=== Section Start ===
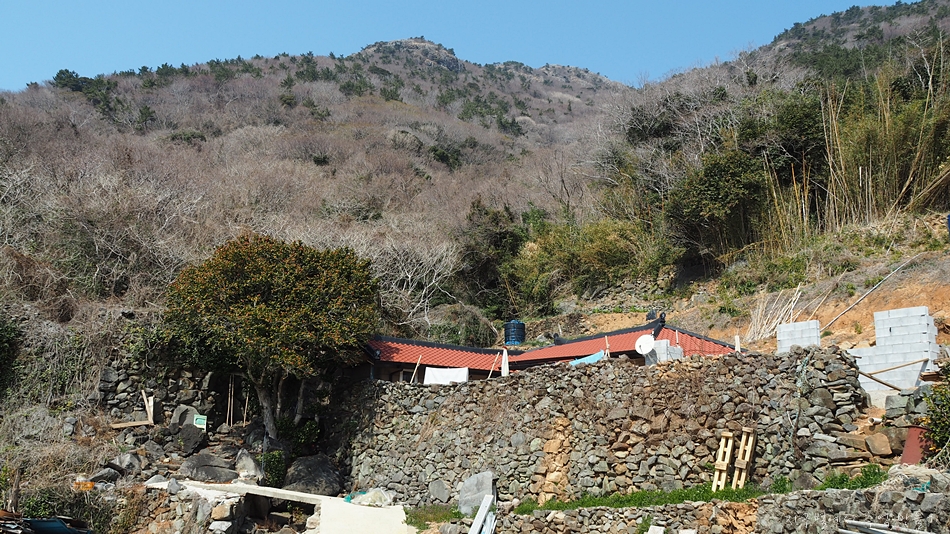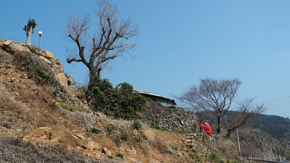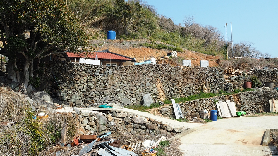 도로옆 산비탈 곳곳에는 이런 돌담들이 자주 보이는데 아마도 이전, 오래 전 섬 주민들이 작은 밭이나 집을 일구며 살았던 자리가 아닐까 생각됩니다.
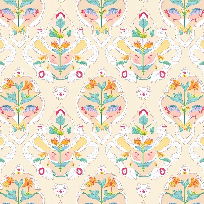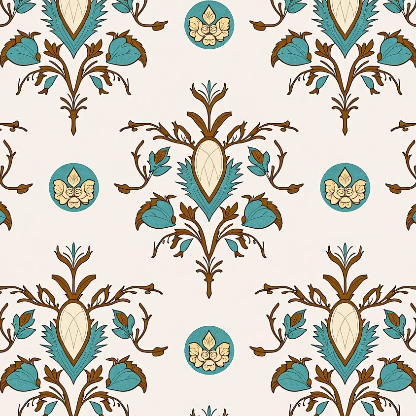Vintage Floral Botanical Medallion Heritage Damask Ornate (Beige)
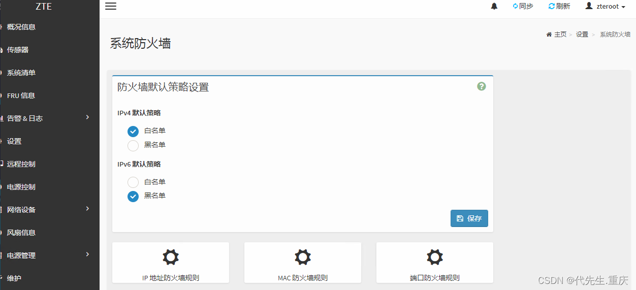 中兴R5300 G4服务器启用了BMC远程管理,为保障设备安全配置启用防火墙只放通特定维护服务器可以访问。
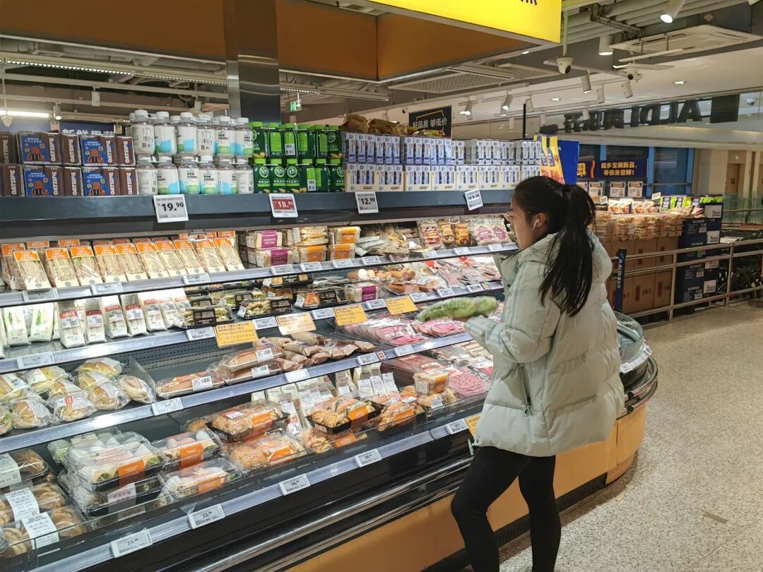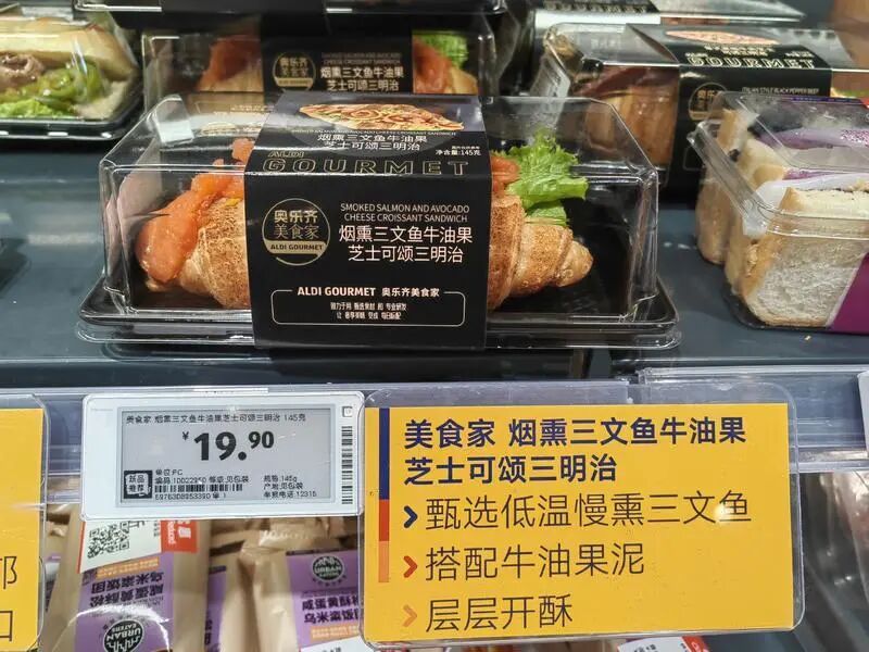 正在货架前搭配早餐食材的职场人陈女士告诉记者:“平时上班赶时间,又不想凑合早餐,前两天看到这款新上的烟熏三文鱼牛油果芝士可颂三明治就试了下,三文鱼分量很足,搭配牛油果泥一点都不腻,19.9元一份的价格也颇具性价比,今天又来拿两盒。”
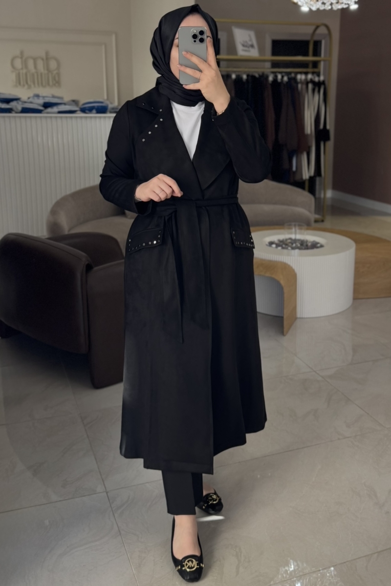 Siyah Süet Zımba Detay Bağcıklı Uzun Kap 6001
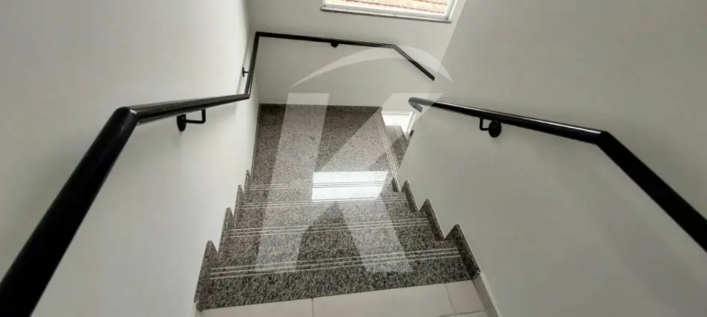 O prédio tem elevador e um terraço comunitário. Não tem vaga de garagem, seja para carro ou moto.
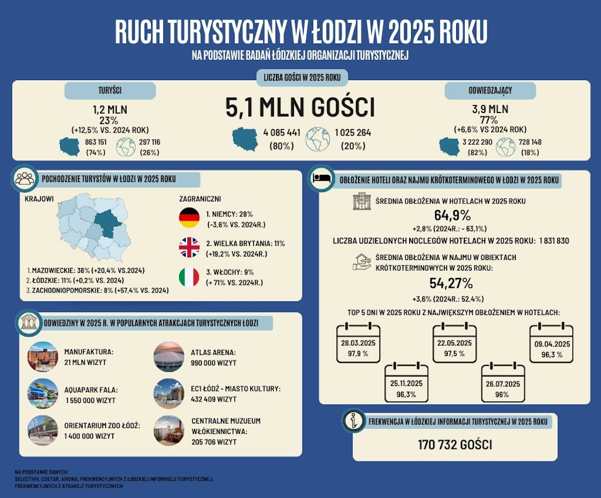 Jak wynika z danych Łódzkiej Organizacji Turystycznej, w 2025 roku Łódź odwiedziło łącznie 5,1 mln gości. Zdecydowaną większość stanowili turyści krajowi, jednak istotny wzrost odnotowano również w segmencie gości zagranicznych oraz turystów korzystających z noclegów. Dane wskazują także na poprawę wyników bazy noclegowej i wysoką frekwencję w najważniejszych atrakcjach miasta.
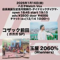 出演 コザック前田(ガガガSP) 玉屋2060%(Wienners) open 18:45 start 19:15 adv.¥3500 door ¥4000
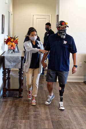 Gabe enjoys spending time with his wife, Rachel, and their four children, Matius, Layla, Noah, and Izabella. He works as an electrical superintendent for a solar company. In his free time, he enjoys riding his motorcycle, skydiving, barbequing, and working in his yard. Although Gabe does not let his injuries impact his active lifestyle, he knows wearing his prosthetic all the time will become less practical as he ages. In his previous home, he would often become discouraged because he could not maneuver his wheelchair around the narrow halls and doorways.
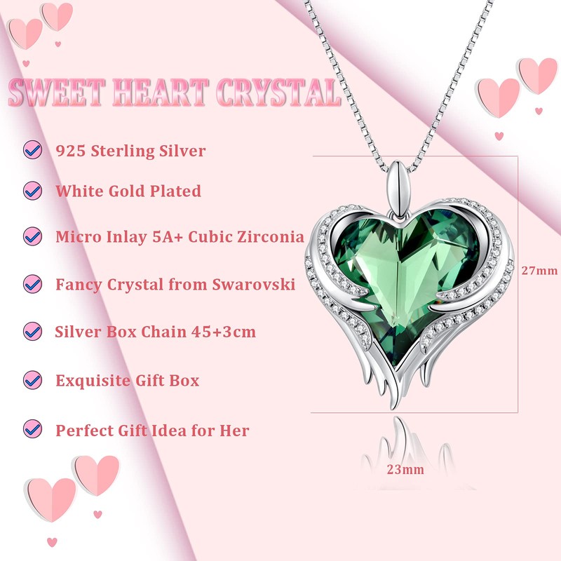 Love Heart Necklaces, Love Heart Angel Wings Pendant Necklace for Women Silver Crystal Necklace Women Silver Tone Crystal Birthstone Necklace CZ Diamond Necklace Green Crystal Pendant Necklace Mother
=== Section End ===
#### Exercise instructions
Begin at the first line of the listing and print each line exactly. Stop after the line containing "Siyah Süet Zımba", and omit all pictures.

#### Solution for this task
 도로옆 산비탈 곳곳에는 이런 돌담들이 자주 보이는데 아마도 이전, 오래 전 섬 주민들이 작은 밭이나 집을 일구며 살았던 자리가 아닐까 생각됩니다.
Vintage Floral Botanical Medallion Heritage Damask Ornate (Beige)
 中兴R5300 G4服务器启用了BMC远程管理,为保障设备安全配置启用防火墙只放通特定维护服务器可以访问。
 正在货架前搭配早餐食材的职场人陈女士告诉记者:“平时上班赶时间,又不想凑合早餐,前两天看到这款新上的烟熏三文鱼牛油果芝士可颂三明治就试了下,三文鱼分量很足,搭配牛油果泥一点都不腻,19.9元一份的价格也颇具性价比,今天又来拿两盒。”
 Siyah Süet Zımba Detay Bağcıklı Uzun Kap 6001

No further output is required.